To be fair to Trump, many baseball fans (even those who root for the Yankees) agree with his assessment -- that A-Rod is overpaid and overrated and has underdelivered when it really counts.

Rodriguez has already earned at least a half-billion dollars over his baseball career, and his present gargantuan contract runs for another five years.

However, a day before Trump's broadsides, Rodriguez received support from a most unlikely source -- Kobe Bryant, the superstar NBA guard for the Los Angeles Lakers.

Reacting to his friend A-Rod's removal from the Yankee lineup during their play-off series against the Detroit Tigers, Bryant lamented that such a measure would “hurt” team morale and that he would call Rodriguez to commiserate (which Bryant apparently did).

What struck me about the dramatis personae in this bizarre little saga was how similar the three principal players are. Messrs.
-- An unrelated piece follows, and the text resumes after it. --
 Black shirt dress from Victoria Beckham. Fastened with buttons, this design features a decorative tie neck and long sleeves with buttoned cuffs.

Trump, Rodriguez and Bryant share many of the same qualities -- all are fabulously wealthy and insanely egotistical, have their every word and deed covered ravenously by media (both tabloid and serious) and are all largely despised by a wide swath of the American public.
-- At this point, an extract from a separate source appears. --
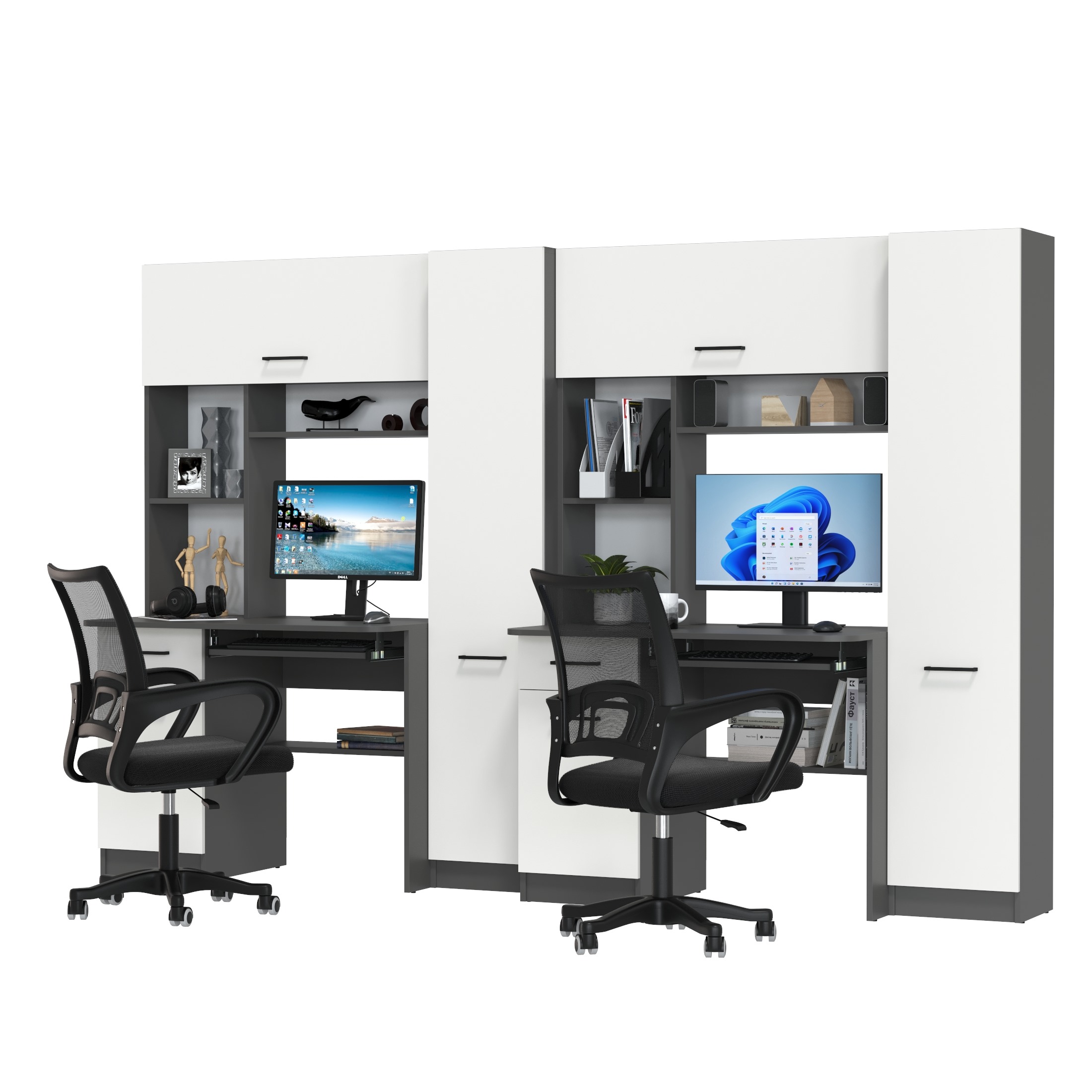 Столы рабочие для двоих с компьютерными креслами Aльфа (Графит/Белый) Код I0000436170

Trump, with his ridiculous hair, fake teeth, bloated pig-like pink face and obnoxious personality, is a narcissistic delusionary clown but highly entertaining as the popularity of his idiotic TV shows attest to.

Bryant, although he is a stupendously gifted athlete and arguably one of the five greatest players in NBA history, is almost universally loathed for his arrogance, ego and selfishness (at least outside of Los Angeles). The sexual assault allegations he faced in 2003 in Colorado also permanently ruined any hope of rehabilitating his already-damaged image.
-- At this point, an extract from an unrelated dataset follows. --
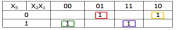 3.4.1 Таблица, устанавливающая соответствие информационных входов мультиплексора заданным управляющим переменным.

Compared to the Donald and Bryant, A-Rod's reputation isn't all that bad -- aside from his messy divorce, reports of serial adultery and the fact that his steroid admissions place his entire career in question.

But I wonder: Is this the price of fame, wealth and celebrity? Are we, the public, geared toward hating the people we constantly read about in the papers or watch on TV? Are people like Trump and Bryant really as “bad” as the media makes them out to be? Or is it a game the media plays? That is, by consistently portraying high-profile celebrities in the worst possible light, does it feed a kind of insatiable hunger in the public who can’t get enough of embarrassing details and foibles of the lives of the rich and famous?

I think the larger issue is that certain people who provide dubious value to society earn far too much money and fame -- far beyond what their talents really signify.

Indeed, no one really cares about the anonymous cancer researchers and inner-city doctors who genuinely help mankind (unless, I suppose, if one of them committed a monstrous crime).

This is a direct result of the overwhelming power and influence of mass media in conjunction with an American society where culture, education and moral standards have collapsed to a point where we worship (or at least pay rabid attention) to utterly unimportant people who happen to have skills that are lavishly remunerative.

Bryant is fascinating precisely because he appears to be a miserable, despicable human being; Trump is always on TV or in the papers precisely because he repeatedly makes a fool of himself; and Rodriguez is largely detested, because he makes obscene amounts of money for doing nothing of any value to society.

This kind of hatred simply feeds upon itself. Once the media (and we, the public) get tired of these characters, we will simply move on to the next array of highly compensated celebrities that we will also enjoy hating.